Reproduce the listing below from the line with "Израиль предупредил жителей" to the line with "按年计收,起息日为毕业当年9", both lines included, character for character, minus any pictures.
Start of Extracted records
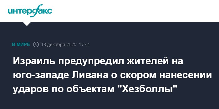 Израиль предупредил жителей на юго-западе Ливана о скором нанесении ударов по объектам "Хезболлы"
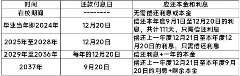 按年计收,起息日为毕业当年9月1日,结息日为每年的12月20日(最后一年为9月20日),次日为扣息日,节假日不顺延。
End of Extracted records
Start of Extracted records
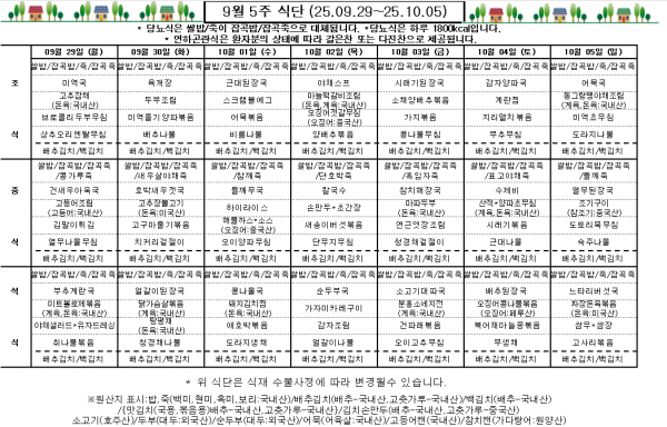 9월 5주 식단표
End of Extracted records
Exercise output =>
 Израиль предупредил жителей на юго-западе Ливана о скором нанесении ударов по объектам "Хезболлы"
 按年计收,起息日为毕业当年9月1日,结息日为每年的12月20日(最后一年为9月20日),次日为扣息日,节假日不顺延。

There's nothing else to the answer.